I would like to ask the lawyers of the SD a little question concerning my former attorney. Please?
The fellow in question was representing me in case a charge actually went to court. The charge was against my former SO for selling pot. They had no evidence, and I claimed the smoke was mine so he would not get in trouble.
Yes, I know I’m dumb. The charges were eventually dropped, just as my SO got into a work-related accident. That day I took him to the hospital in the next town, and on the way a large city truck plowed into my car.
This was not a good day!
My attorney - we stopped to talk over the latest concerning the aforementioned charges, and he learns of the SO’s accident.
He then offered to be my SO’s attorney - seeing big money. I told him that I needed an attorney too still, for this car accident.
He said that the SO was where the money was, he was the passenger and I the driver.
So then he tells me “Your SO and I are going to sue you and the other driver, but it’s a “friendly” litigation, so don’t worry”
Ya right.
Your profile doesn’t say where you are, so I’ll base this response on the Illinois Code of Professional Responsibility.
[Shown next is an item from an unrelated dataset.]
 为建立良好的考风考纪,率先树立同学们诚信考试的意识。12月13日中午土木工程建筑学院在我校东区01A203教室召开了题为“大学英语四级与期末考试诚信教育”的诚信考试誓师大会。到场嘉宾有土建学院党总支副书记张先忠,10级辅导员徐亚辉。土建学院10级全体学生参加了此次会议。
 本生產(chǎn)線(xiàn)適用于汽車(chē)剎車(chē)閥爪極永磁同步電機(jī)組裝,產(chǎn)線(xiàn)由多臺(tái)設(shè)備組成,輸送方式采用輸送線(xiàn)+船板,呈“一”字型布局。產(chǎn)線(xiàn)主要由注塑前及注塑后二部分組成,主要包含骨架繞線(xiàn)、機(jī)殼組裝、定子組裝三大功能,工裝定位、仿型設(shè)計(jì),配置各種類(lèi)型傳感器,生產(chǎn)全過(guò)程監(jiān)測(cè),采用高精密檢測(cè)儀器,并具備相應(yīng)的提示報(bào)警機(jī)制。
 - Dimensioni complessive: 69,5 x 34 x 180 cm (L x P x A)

Rule 1.7 says that "A lawyer shall not represent a client if the representation of that client will be directly adverse to another client, unless:
the lawyer reasonably believes the representation will not adversely affect the relationship with the other client; and
each client consents after disclosure."
Rule 1.9 says that: "A lawyer who has formerly represented a client in a matter shall not thereafter:
represent another person in the same or substantially related matter in which that person’s interests are materially adverse to the interests of the former client, unless the former client consents after disclosure."
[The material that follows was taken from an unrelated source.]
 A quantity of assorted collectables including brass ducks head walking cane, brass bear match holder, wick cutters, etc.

As I read your post, you did not consent. Therefore, if you were an existing client at the time the representation of your SO began, and if this happened in Illinois, it appears that the lawyer violated Rule 1.7.
If you were no longer a client (you stated that this happened when the prior matter was winding up, so this is a little unclear), the lawyer probably is on firm ground, as the two matters are not substantially ralated, so there would be no violation of Rule 1.9.
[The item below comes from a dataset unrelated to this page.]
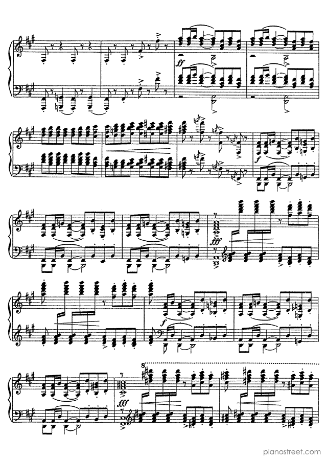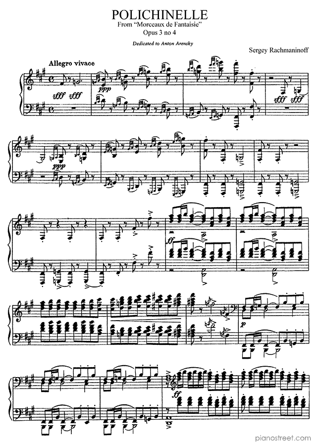 Downloadable piano sheet music from Morceaux de Fantaisie by Sergey Rachmaninoff to print: Polichinelle Op. 3 No. 4 (published in 1892)
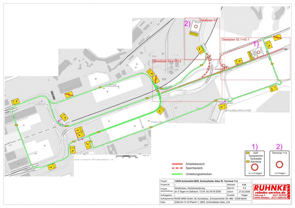 Im Zeitraum vom 13. bis 24. April 2026 kommt es im Bereich der Schönefelder Allee am BER zu Verkehrsbeeinträchtigungen. Aufgrund einer Deckensanierung muss die Straße für den Verkehr halb-, teilweise auch voll gesperrt werden. Die Umleitung ist ausgeschildert.

The model ethical rules - and the specific rules in Virginia - providein pertinent part: “A lawyer who has formerly represented a client in a matter shall not thereafter represent another person the same or a substantially related matter in which that person’s interests are materially adverse to the interests of the former client unless both the present and former client consent after consultation. emphasis added”
I don’t think a civil negligence trial and a criminal possession trial are “the same or substantially similar.” But there are a number of things that make it extremely unwise. The lawyer would be precluded from impeaching your credibility with the use of any information he gained in representing you, for example. He would be significantly impaired, to the detriment of your former SO.
It would be unwise in the extreme, but I think it’s technically ethical - at least in Virginia.
It appears that both Illinois and Virginia use the same ABA Model Code.
I direct your attention to the point I made: the “same or substantially similar” language. Surely you’re not suggesting that a civil negligence case and a criminal marijuana possession case are “the same or substantially similar” within the meaning of the rule?
Rick, I think you misread my reply. I agreed with your point that if Rule 1.9 governs (in other words, if the OP was a **former ** client), then the lawyer was in compliance with the rule.
However, if the OP was an existing client, rule 1.7 would govern. As the interests of the two persons involved were directly adverse (he was suing her), and as she didn’t consent (or so it appears), the lawyer would be in violation of the applicable rule.
It therefore comes down to whether the criminal matter had concluded when the lawyer took on the representation of the civil matter. As my reply said, this is unclear. (Although most likely it had not concluded, as the OP and her SO were apparently still consulting with the lawyer about the criminal matter when he suugested representing the SO in the civil matter.)
(note that there is no requirement in Rule 1.7 that the matters be substantially related in order for the representation to be prohibited.)
That said, I agree with your point that, even if Rule 1.9 applies, the lawyer’s decision to represent the SO was unwise.
On another note, there is no such thing as “friendly litigation.” If your insurance company won’t settle, you could end up with a judgment against you. Good luck.